The authors clarified: ‘While it is unknown if these first responder groups were less affected by the Covid-19 pandemic than the general public, or if they had better mental wellbeing prior to the pandemic, these findings are positive regardless.’

Alternatively, they suggested it may be attributed to the ‘altruistic nature’ of a healthcare worker’s role.

‘Research finds that helping others and performing acts of kindness can boost subjective psychological wellbeing with small to medium effect sizes,’ the authors said.

‘As altruism is central in first responder and health care roles and is a regular part of the day job, it seems feasible that working in such occupations that involve a high degree of assisting others may have minimized psychological distress levels.’

‘Optimistic view’

The authors acknowledged that their findings contrast with other studies which suggest similar or lower levels of wellbeing in health workers, when compared with the general public.

A May survey revealed that over a third of GPs (36%) were considering early retirement within the next 12 months, with 45% citing their personal well-being as a major factor.

Similarly reports of workforce burnout across the NHS and social care led MPs to launch a dedicated inquiry into the well-being crisis.

Nicola Gray, psychology professor at Swansea University and lead author on the study, said that at the start of the pandemic, healthcare workers were more at risk through their contact with the public.

‘You would expect these people to be more worried and stressed than most,’ she said.
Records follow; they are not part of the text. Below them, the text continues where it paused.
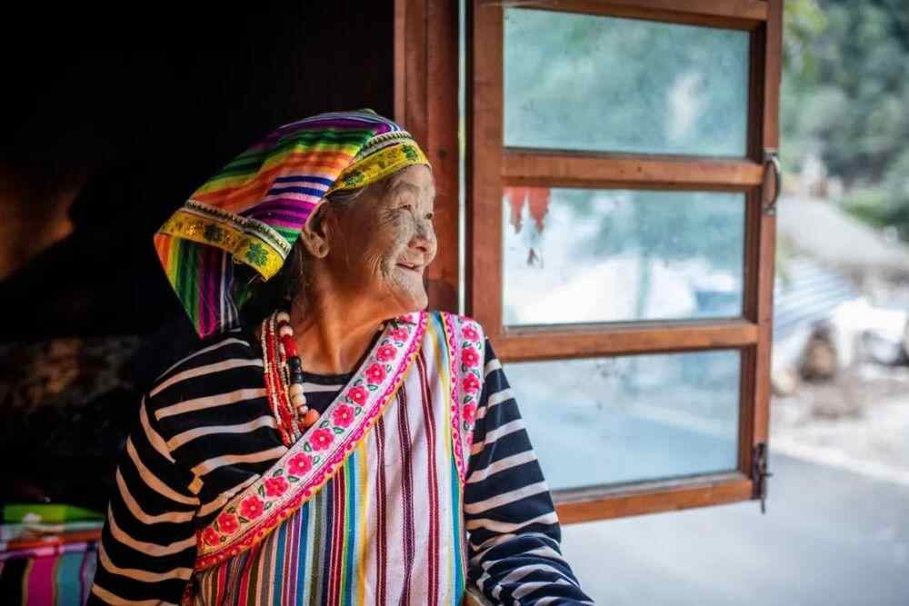 2020年10月27日,云南省贡山独龙族怒族自治县独龙江乡孔当村,独龙族“文面女”李文仕在窗边休息 胡超摄 / 本刊
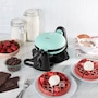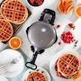 • Two indicator lights turn on when at full temperature and when your waffle is done cooking
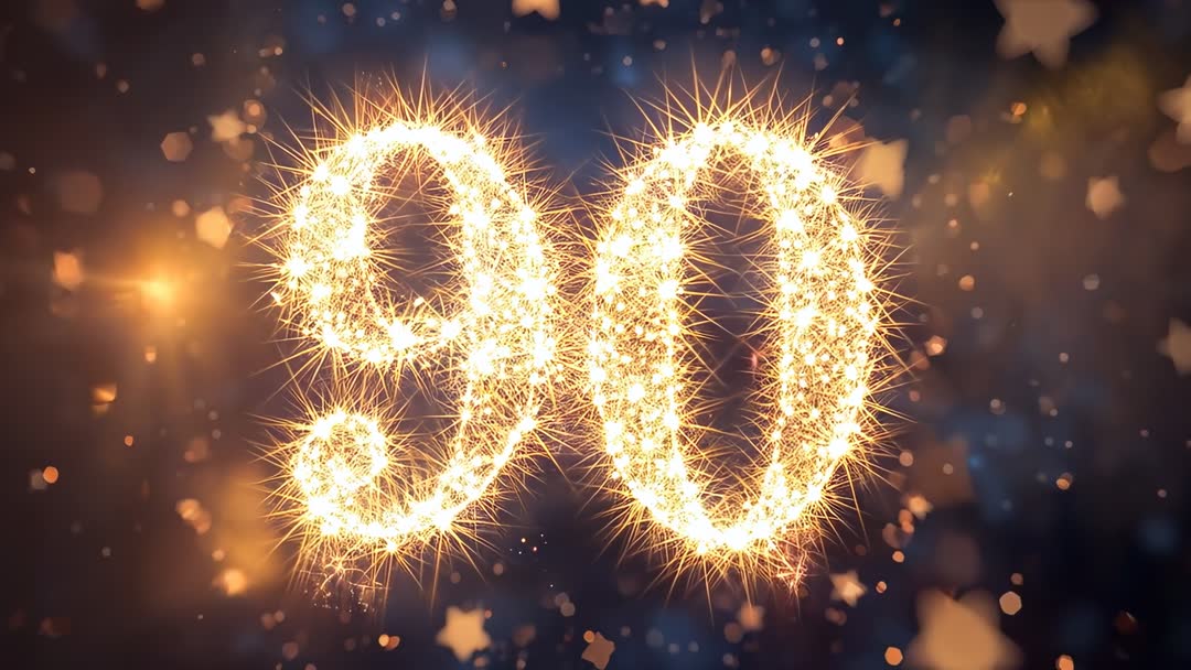 - Golden Sparkler 90 Animation Celebrating 90th Birthday Anniversary Milestone with Bokeh

‘Our study gives an optimistic view of the ability to psychologically bounce-back in these critical occupations. It also shows that playing a crucial societal role during a crisis, as well as helping others, can help boost and protect your own mental wellbeing.’

The study comes days after new NHS England data revealed that the backlog for care grew to 5.5 million patients at the end of June 2021, up from 5.3 million patients the month before.

The data was preceded by an Institute for Fiscal Studies model found that concerns that the backlog could reach and exceed 13 million people are ‘well within the realms of possibility’.

A separate report from the British Heart Foundation found that cardiac waiting lists alone could take five years to clear.